[Excerpts from a dataset]

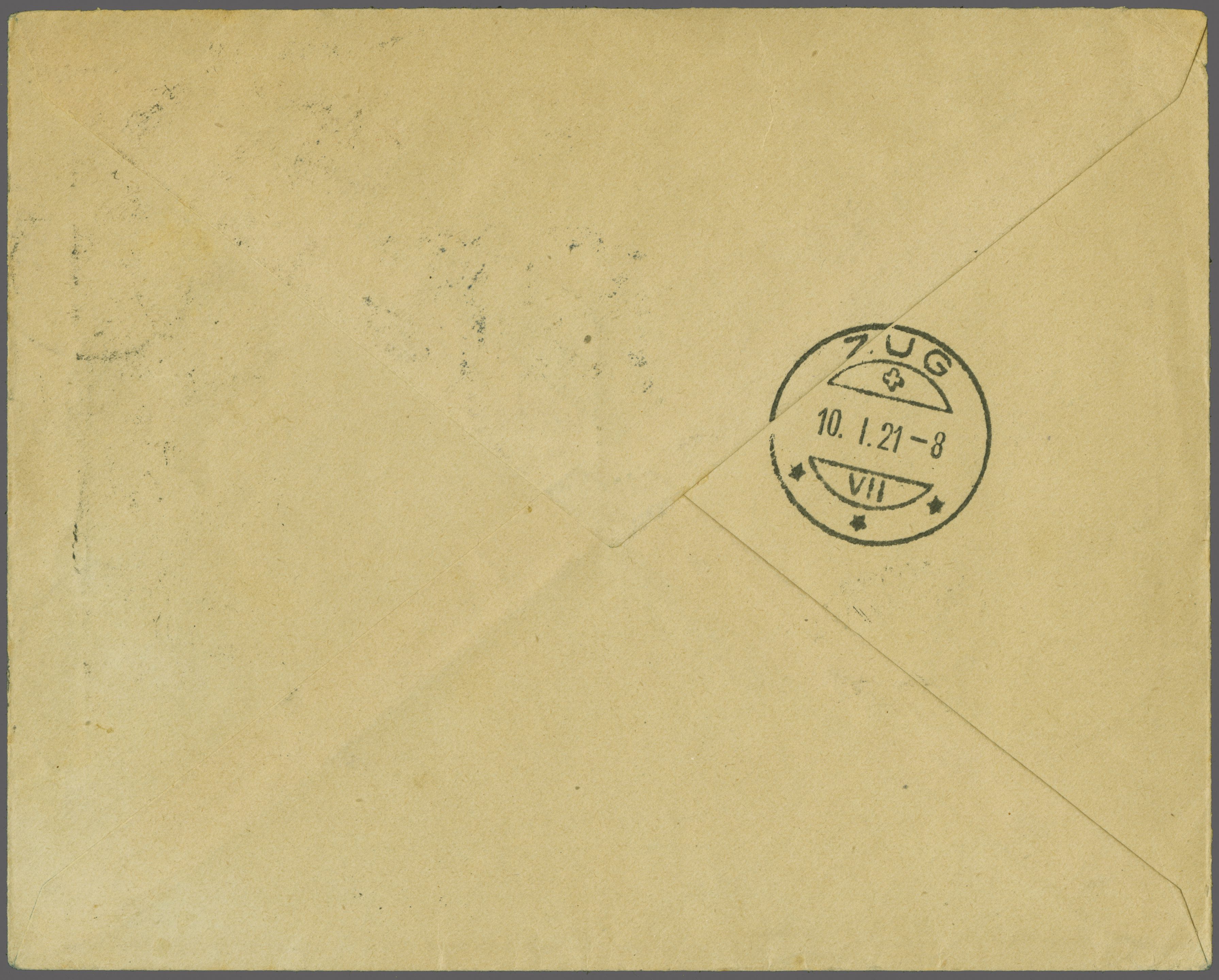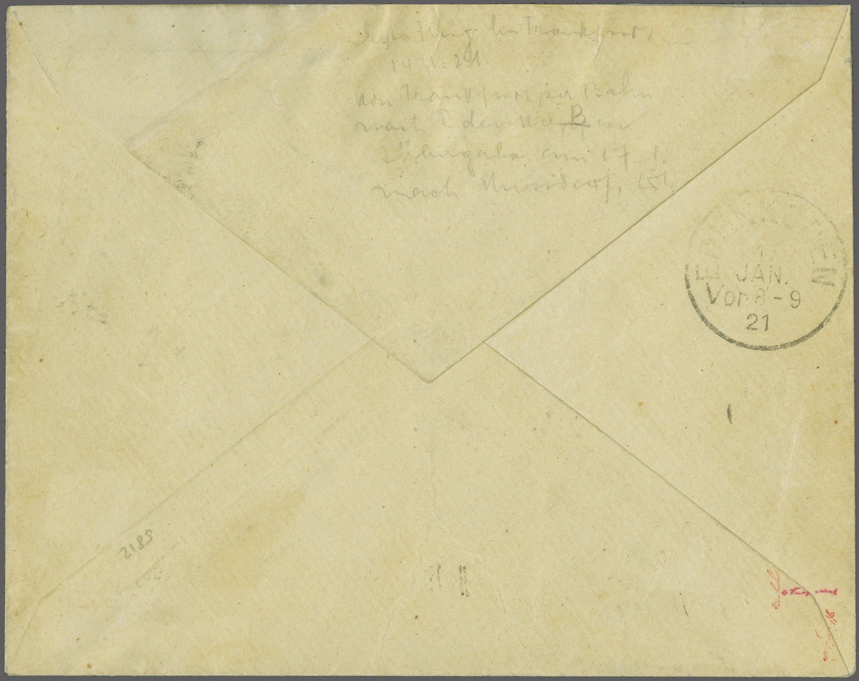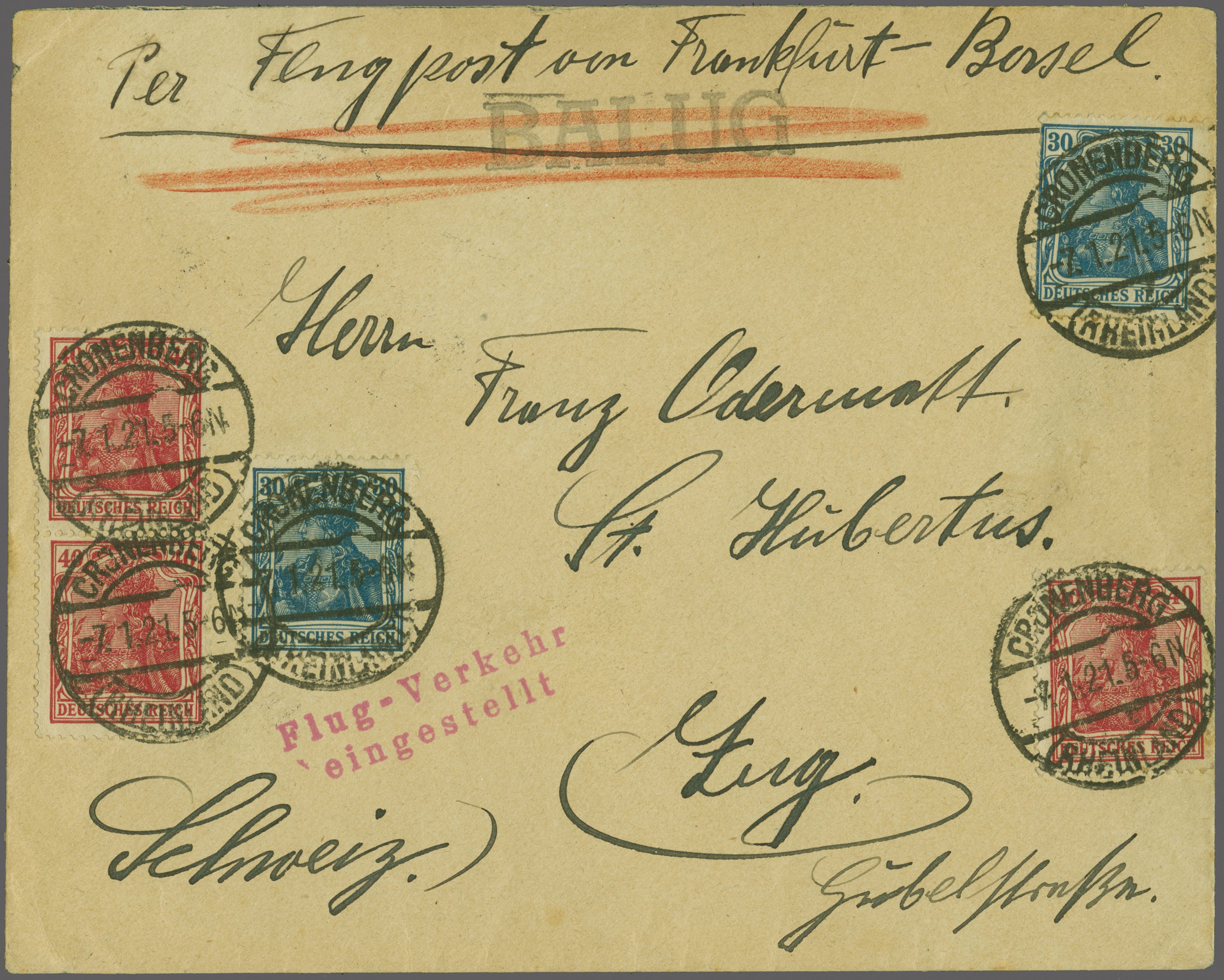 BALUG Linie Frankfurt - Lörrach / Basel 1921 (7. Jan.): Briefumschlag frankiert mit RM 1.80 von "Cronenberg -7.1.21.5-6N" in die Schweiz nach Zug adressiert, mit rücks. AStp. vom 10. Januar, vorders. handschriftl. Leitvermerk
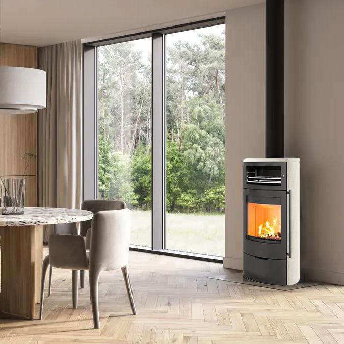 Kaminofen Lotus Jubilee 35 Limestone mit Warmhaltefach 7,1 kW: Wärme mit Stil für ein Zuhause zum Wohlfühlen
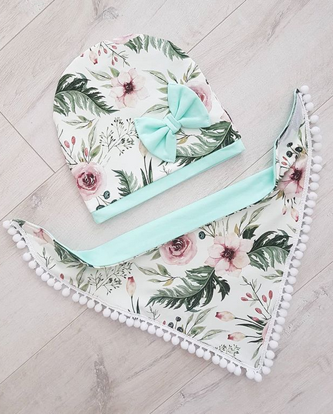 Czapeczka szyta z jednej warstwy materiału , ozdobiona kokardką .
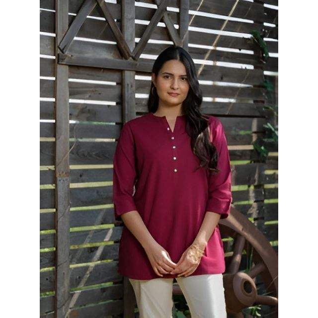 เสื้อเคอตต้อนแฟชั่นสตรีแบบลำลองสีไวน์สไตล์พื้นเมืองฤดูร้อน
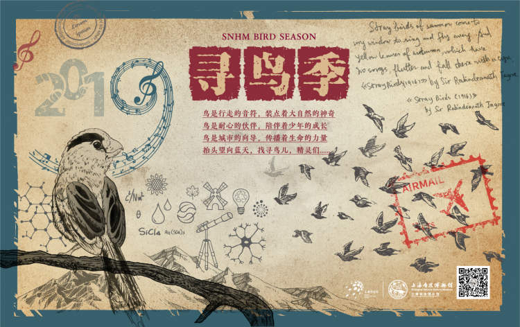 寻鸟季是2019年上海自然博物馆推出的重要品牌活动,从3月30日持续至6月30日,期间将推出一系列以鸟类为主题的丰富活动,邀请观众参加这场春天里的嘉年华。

What the task asks: Please print the data above once more, exactly as it appears, with no pictures.

Finished task:
 BALUG Linie Frankfurt - Lörrach / Basel 1921 (7. Jan.): Briefumschlag frankiert mit RM 1.80 von "Cronenberg -7.1.21.5-6N" in die Schweiz nach Zug adressiert, mit rücks. AStp. vom 10. Januar, vorders. handschriftl. Leitvermerk
 Kaminofen Lotus Jubilee 35 Limestone mit Warmhaltefach 7,1 kW: Wärme mit Stil für ein Zuhause zum Wohlfühlen
 Czapeczka szyta z jednej warstwy materiału , ozdobiona kokardką .
 เสื้อเคอตต้อนแฟชั่นสตรีแบบลำลองสีไวน์สไตล์พื้นเมืองฤดูร้อน
 寻鸟季是2019年上海自然博物馆推出的重要品牌活动,从3月30日持续至6月30日,期间将推出一系列以鸟类为主题的丰富活动,邀请观众参加这场春天里的嘉年华。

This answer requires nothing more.